ACTIVITY: The answer should contain only the lines from the beginning of the entries through the line that holds "Krásná pětidveřová šatní", given again exactly, with no pictures.

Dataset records

══════

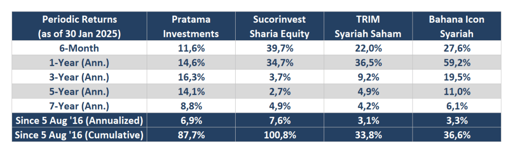 Return Performance vs Top 3 Sharia Equity Mutual Funds*
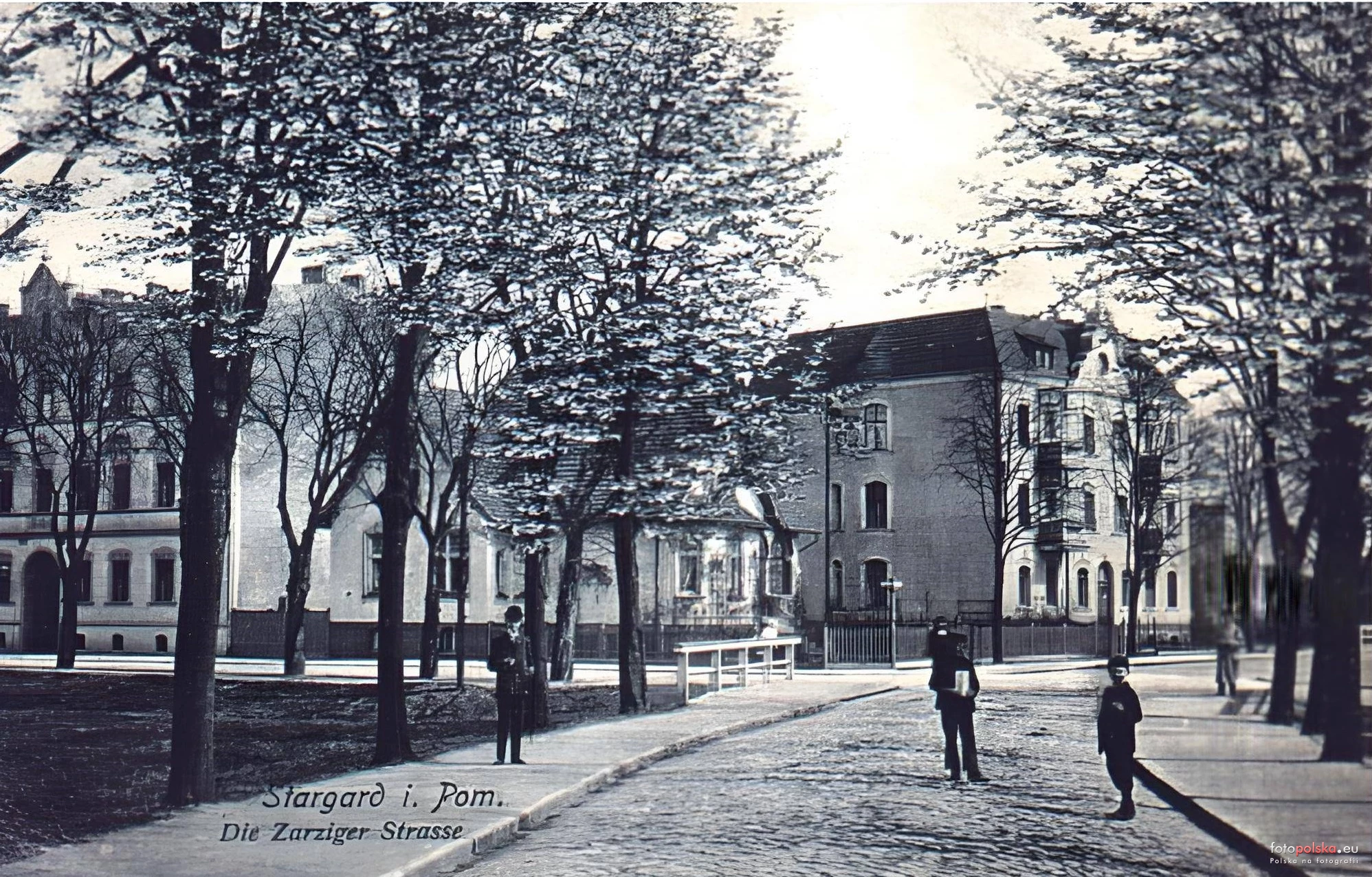 8 pobrań 595 odsłon 6 średnia ocen Poprzednie i następne zdjęcia Wojciech Szuba Obiekty widoczne na zdjęciu ul. Bydgoska więcej zdjęć (235) Dawniej: Zartzigerstrasse [oryg. Zartzigerstrasse (dzisiejsza ulica Bydgoska) początkowo miała charakter drogi wyjazdowej z miasta i określana była jako An der Zartziger Chaussee. Po raz pierwszy taka nazwa została użyta w księdze adresowej z 1874 r., a ulica liczyła wtedy zaledwie 4 numery. Nazwa Zartzigerstr. pojawia się pomiędzy 1889 a 1893 r. Od lat 80. XIX w., aż do około 1911 r. nastąpił czas intensywnej rozbudowy ulicy. W 1885 r. liczba numerów wzrosła do 12, w 1893 r. – 50, a w 1911 r. – 97. W latach 30. XX w. liczba ta wzrosła jeszcze o kilkanaście numerów. Znacząca część parceli była niezabudowana – jeszcze po zakończeniu I wojny światowej było to około 50 numerów. W 1845 r. u wylotu Gr. Mühlenstr. (ul. Kazimierza Wielkiego) w kierunku drogi na Suchań powstała tzw. Neue Thor – Nowa Brama. Umożliwiła ona bezpośrednią komunikację i rozwój urbanistyczny tej części miasta. MaH Stargard (W.S) |
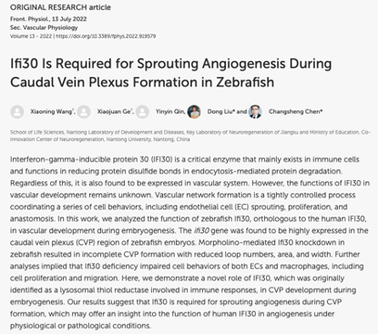 一、干扰素-γ诱导蛋白30 (IFI30)是一种主要存在于免疫细胞中的关键酶,在内吞作用介导的蛋白质降解过程中发挥减少蛋白二硫键的作用,在血管系统中也有表达。研究发现Ifi30缺失损害了内皮细胞和巨噬细胞的细胞行为,包括细胞增殖和迁移,morpholino介导的Ifi30敲低导致斑马鱼胚胎的尾静脉丛(CVP)形成不完全,环路数量、面积和宽度减少,表明Ifi30是血管新生相关的重要基因。相关研究成果于2022年7月发表在《Frontiers in Physiology》。
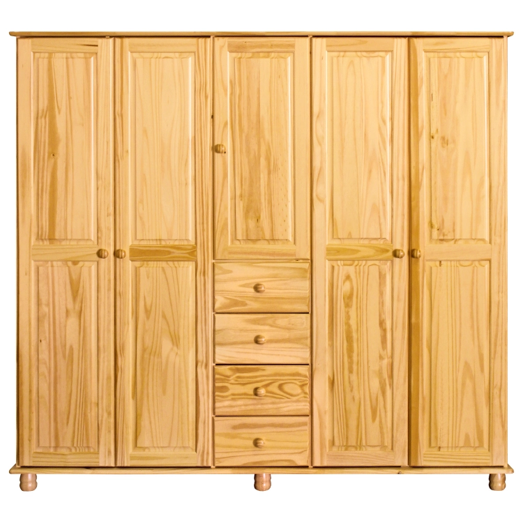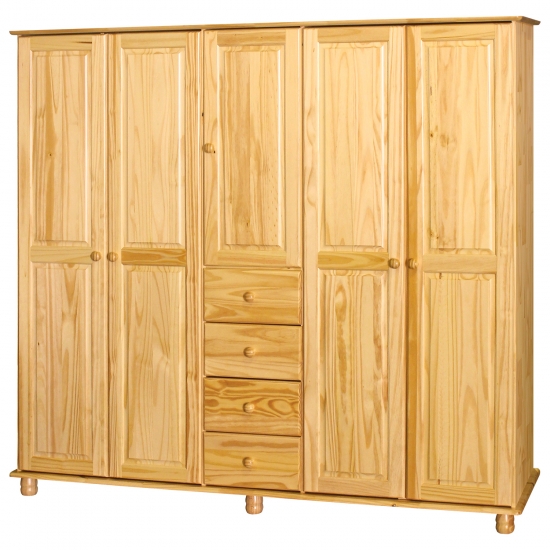 Krásná pětidveřová šatní skříň vyrobená z masivního borovicového dřeva. Nábytek je vyroben v lakovaném provedení.
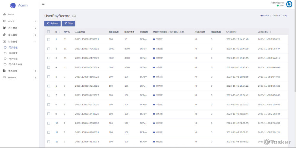 後臺系統 + 綠界金流
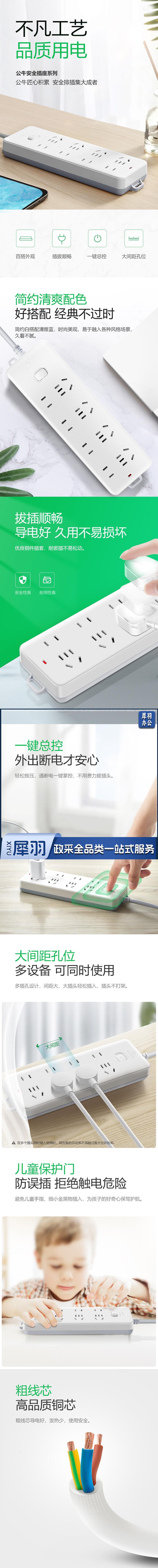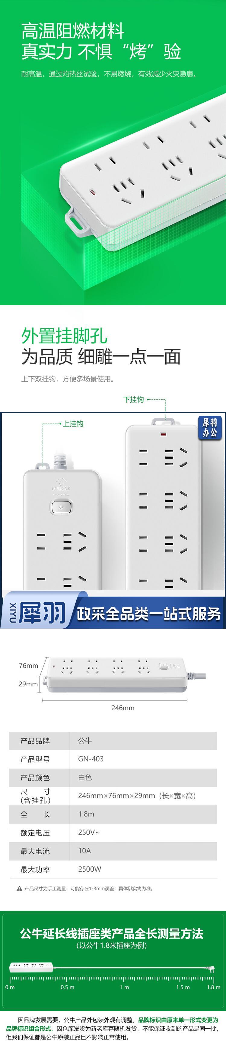 公牛(BULL)新国标插座 插线板/插排/排插/接线板/拖线板 8位总控全长1.8米 GN-403

══════

RESULT FOR THIS TASK:
 Return Performance vs Top 3 Sharia Equity Mutual Funds*
 8 pobrań 595 odsłon 6 średnia ocen Poprzednie i następne zdjęcia Wojciech Szuba Obiekty widoczne na zdjęciu ul. Bydgoska więcej zdjęć (235) Dawniej: Zartzigerstrasse [oryg. Zartzigerstrasse (dzisiejsza ulica Bydgoska) początkowo miała charakter drogi wyjazdowej z miasta i określana była jako An der Zartziger Chaussee. Po raz pierwszy taka nazwa została użyta w księdze adresowej z 1874 r., a ulica liczyła wtedy zaledwie 4 numery. Nazwa Zartzigerstr. pojawia się pomiędzy 1889 a 1893 r. Od lat 80. XIX w., aż do około 1911 r. nastąpił czas intensywnej rozbudowy ulicy. W 1885 r. liczba numerów wzrosła do 12, w 1893 r. – 50, a w 1911 r. – 97. W latach 30. XX w. liczba ta wzrosła jeszcze o kilkanaście numerów. Znacząca część parceli była niezabudowana – jeszcze po zakończeniu I wojny światowej było to około 50 numerów. W 1845 r. u wylotu Gr. Mühlenstr. (ul. Kazimierza Wielkiego) w kierunku drogi na Suchań powstała tzw. Neue Thor – Nowa Brama. Umożliwiła ona bezpośrednią komunikację i rozwój urbanistyczny tej części miasta. MaH Stargard (W.S) |
 一、干扰素-γ诱导蛋白30 (IFI30)是一种主要存在于免疫细胞中的关键酶,在内吞作用介导的蛋白质降解过程中发挥减少蛋白二硫键的作用,在血管系统中也有表达。研究发现Ifi30缺失损害了内皮细胞和巨噬细胞的细胞行为,包括细胞增殖和迁移,morpholino介导的Ifi30敲低导致斑马鱼胚胎的尾静脉丛(CVP)形成不完全,环路数量、面积和宽度减少,表明Ifi30是血管新生相关的重要基因。相关研究成果于2022年7月发表在《Frontiers in Physiology》。
 Krásná pětidveřová šatní skříň vyrobená z masivního borovicového dřeva. Nábytek je vyroben v lakovaném provedení.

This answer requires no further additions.